Work required:
Among the entries below, find the line with "Su fórmula combina" and the line with "speed metal x". Return exactly those lines and every line between them, but no pictures.

START Data records

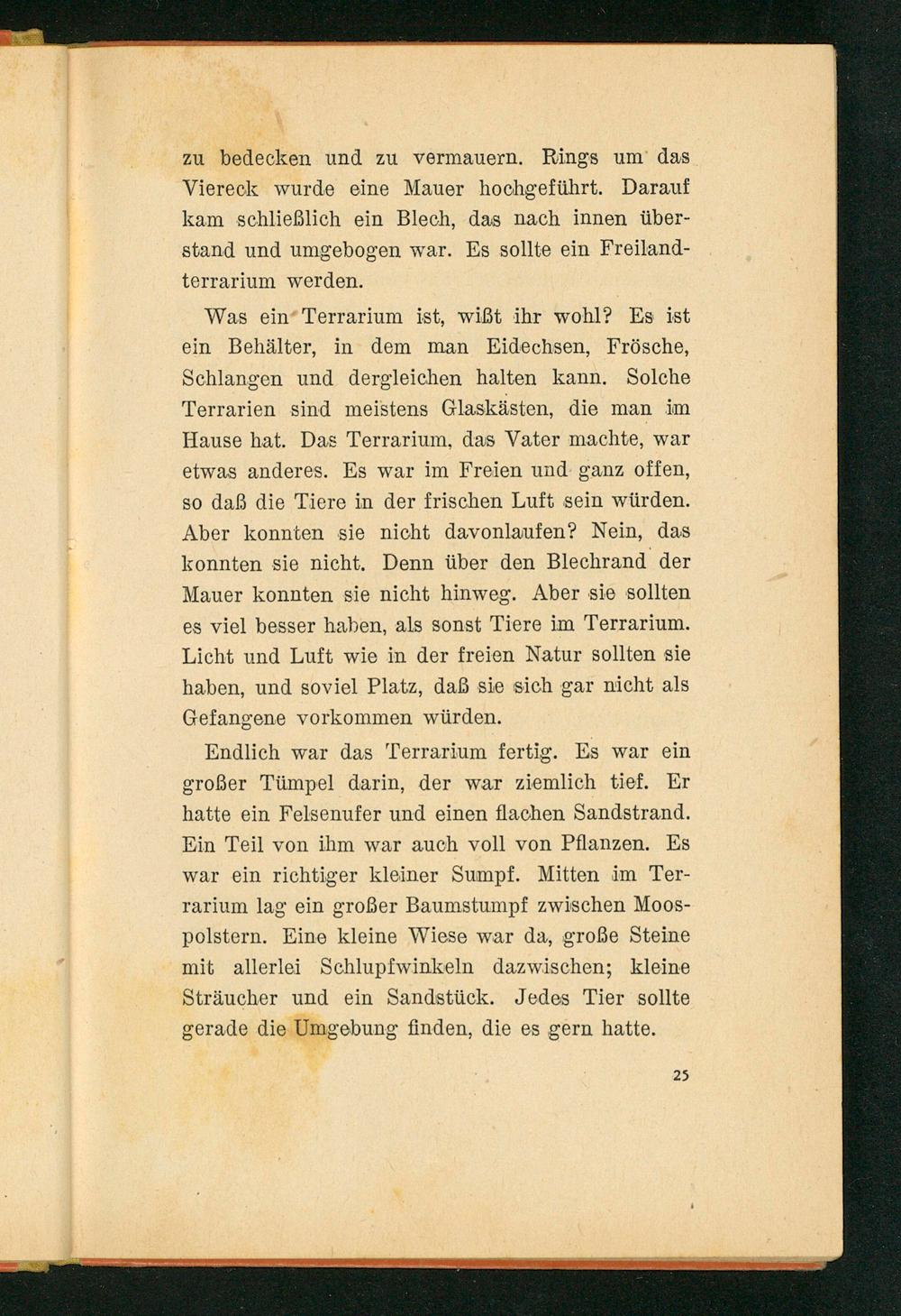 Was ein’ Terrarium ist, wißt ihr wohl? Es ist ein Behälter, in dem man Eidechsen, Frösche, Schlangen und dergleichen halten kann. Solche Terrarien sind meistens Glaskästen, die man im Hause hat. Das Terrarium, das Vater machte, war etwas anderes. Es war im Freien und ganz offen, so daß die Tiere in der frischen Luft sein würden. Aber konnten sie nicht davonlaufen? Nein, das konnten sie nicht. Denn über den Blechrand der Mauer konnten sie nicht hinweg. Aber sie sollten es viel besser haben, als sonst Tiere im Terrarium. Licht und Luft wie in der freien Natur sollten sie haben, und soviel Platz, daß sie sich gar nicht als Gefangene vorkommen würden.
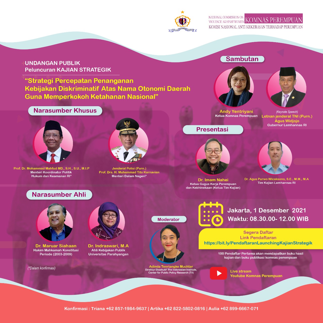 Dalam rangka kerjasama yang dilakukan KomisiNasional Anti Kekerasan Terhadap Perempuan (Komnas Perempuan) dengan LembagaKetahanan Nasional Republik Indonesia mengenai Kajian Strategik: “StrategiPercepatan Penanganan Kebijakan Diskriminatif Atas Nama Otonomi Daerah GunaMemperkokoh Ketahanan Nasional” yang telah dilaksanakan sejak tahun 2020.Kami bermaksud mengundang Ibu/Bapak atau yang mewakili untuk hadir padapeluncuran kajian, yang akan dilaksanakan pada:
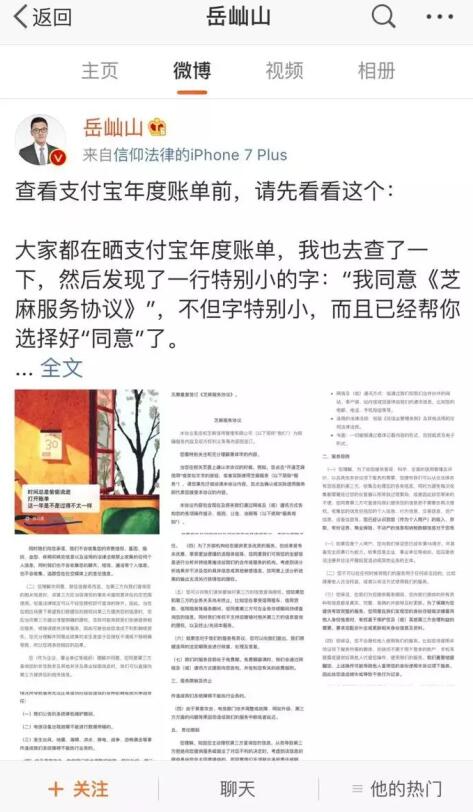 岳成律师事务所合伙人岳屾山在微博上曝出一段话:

END Data records
START Data records

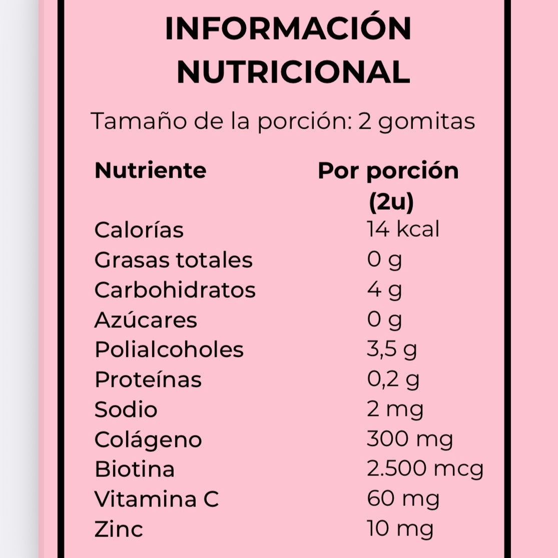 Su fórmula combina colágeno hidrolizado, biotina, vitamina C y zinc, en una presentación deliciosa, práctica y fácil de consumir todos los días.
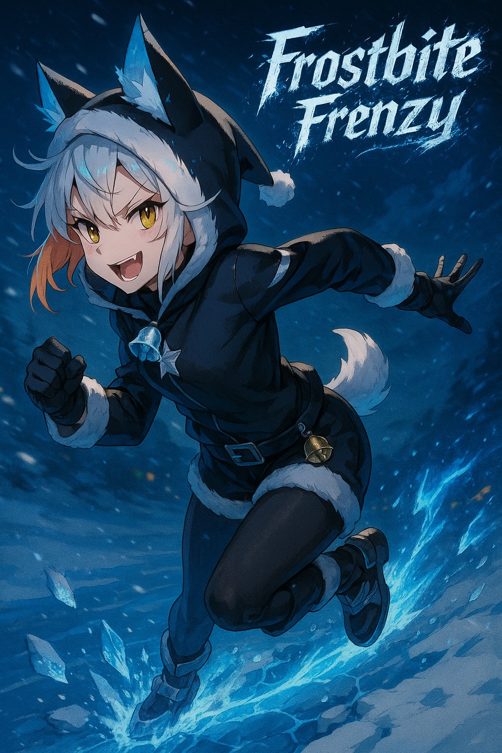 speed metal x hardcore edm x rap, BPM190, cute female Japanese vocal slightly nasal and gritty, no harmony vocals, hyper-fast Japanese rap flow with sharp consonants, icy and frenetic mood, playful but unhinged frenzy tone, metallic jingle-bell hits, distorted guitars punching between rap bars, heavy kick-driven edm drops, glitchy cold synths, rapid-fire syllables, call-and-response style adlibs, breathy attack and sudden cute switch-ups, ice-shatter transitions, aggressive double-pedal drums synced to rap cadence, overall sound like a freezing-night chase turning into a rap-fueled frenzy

END Data records

Expected answer:
 Su fórmula combina colágeno hidrolizado, biotina, vitamina C y zinc, en una presentación deliciosa, práctica y fácil de consumir todos los días.
 speed metal x hardcore edm x rap, BPM190, cute female Japanese vocal slightly nasal and gritty, no harmony vocals, hyper-fast Japanese rap flow with sharp consonants, icy and frenetic mood, playful but unhinged frenzy tone, metallic jingle-bell hits, distorted guitars punching between rap bars, heavy kick-driven edm drops, glitchy cold synths, rapid-fire syllables, call-and-response style adlibs, breathy attack and sudden cute switch-ups, ice-shatter transitions, aggressive double-pedal drums synced to rap cadence, overall sound like a freezing-night chase turning into a rap-fueled frenzy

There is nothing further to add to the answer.